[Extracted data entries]
┌──
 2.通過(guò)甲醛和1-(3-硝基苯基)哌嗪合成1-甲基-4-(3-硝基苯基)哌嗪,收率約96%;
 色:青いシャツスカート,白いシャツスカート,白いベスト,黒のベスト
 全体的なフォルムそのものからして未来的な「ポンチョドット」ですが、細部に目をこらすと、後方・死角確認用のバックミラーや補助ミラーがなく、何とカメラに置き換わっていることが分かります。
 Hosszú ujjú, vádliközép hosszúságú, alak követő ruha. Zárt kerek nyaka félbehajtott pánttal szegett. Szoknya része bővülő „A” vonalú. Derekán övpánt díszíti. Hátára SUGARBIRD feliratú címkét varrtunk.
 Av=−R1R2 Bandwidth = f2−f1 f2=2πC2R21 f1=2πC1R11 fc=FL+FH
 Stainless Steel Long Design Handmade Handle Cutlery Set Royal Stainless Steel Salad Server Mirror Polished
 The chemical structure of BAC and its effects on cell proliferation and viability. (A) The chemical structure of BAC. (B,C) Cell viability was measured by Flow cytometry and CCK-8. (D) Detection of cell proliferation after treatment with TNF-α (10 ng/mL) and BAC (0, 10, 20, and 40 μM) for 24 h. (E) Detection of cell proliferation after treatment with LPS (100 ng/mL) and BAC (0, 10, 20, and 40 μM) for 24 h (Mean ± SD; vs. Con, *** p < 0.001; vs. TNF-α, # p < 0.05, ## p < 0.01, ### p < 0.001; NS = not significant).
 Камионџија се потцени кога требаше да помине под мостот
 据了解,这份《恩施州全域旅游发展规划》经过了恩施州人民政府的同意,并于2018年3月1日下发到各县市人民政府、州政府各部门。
└──
┌──
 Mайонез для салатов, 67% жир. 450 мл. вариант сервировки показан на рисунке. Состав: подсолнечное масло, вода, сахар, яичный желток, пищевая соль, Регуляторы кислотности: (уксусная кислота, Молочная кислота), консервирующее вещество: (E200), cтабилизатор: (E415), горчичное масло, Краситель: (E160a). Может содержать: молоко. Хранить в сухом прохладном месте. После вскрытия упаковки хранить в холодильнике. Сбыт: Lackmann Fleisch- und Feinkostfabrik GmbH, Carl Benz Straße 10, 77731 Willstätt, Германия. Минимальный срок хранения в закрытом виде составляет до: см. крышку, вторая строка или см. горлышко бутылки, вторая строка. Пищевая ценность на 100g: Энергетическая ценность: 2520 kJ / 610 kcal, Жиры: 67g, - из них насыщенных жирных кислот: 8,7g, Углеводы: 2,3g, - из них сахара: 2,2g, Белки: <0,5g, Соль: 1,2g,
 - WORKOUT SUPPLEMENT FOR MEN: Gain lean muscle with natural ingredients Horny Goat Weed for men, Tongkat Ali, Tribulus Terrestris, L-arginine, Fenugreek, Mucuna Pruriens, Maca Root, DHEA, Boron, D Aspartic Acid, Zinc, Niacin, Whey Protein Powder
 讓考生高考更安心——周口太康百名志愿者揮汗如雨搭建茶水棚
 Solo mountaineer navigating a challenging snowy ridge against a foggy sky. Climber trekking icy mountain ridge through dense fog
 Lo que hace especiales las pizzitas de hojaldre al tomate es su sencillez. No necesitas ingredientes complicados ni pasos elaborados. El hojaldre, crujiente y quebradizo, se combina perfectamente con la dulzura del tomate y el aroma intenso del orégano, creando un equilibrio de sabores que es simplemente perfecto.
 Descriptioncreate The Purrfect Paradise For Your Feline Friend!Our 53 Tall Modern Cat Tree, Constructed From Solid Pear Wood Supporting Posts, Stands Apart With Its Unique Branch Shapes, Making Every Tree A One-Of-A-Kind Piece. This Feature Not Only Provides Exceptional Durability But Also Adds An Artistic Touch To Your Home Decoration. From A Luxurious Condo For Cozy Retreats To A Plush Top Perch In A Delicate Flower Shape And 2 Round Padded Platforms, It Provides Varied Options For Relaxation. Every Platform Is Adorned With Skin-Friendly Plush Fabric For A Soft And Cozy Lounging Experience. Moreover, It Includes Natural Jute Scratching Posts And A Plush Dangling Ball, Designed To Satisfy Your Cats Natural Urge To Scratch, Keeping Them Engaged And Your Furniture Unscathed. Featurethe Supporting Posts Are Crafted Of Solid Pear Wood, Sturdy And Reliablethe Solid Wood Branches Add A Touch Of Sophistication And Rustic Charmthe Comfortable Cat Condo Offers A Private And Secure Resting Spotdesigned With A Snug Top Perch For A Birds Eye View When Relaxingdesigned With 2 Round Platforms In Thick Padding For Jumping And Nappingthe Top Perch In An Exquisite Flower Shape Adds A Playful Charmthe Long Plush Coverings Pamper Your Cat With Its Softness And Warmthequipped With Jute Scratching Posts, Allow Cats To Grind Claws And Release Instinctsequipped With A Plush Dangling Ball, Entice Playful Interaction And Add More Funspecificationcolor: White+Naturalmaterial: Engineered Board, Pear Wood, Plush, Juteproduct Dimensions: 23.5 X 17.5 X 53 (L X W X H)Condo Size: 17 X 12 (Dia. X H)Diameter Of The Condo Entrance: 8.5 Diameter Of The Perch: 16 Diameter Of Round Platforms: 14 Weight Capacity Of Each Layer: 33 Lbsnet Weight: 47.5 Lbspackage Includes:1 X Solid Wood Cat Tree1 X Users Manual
└──
The problem: Output only an exact transcription of the lines above from the one with "Hosszú ujjú, vádliközép" up to and including the one with "Stainless Steel Long".

Task result:
 Hosszú ujjú, vádliközép hosszúságú, alak követő ruha. Zárt kerek nyaka félbehajtott pánttal szegett. Szoknya része bővülő „A” vonalú. Derekán övpánt díszíti. Hátára SUGARBIRD feliratú címkét varrtunk.
 Av=−R1R2 Bandwidth = f2−f1 f2=2πC2R21 f1=2πC1R11 fc=FL+FH
 Stainless Steel Long Design Handmade Handle Cutlery Set Royal Stainless Steel Salad Server Mirror Polished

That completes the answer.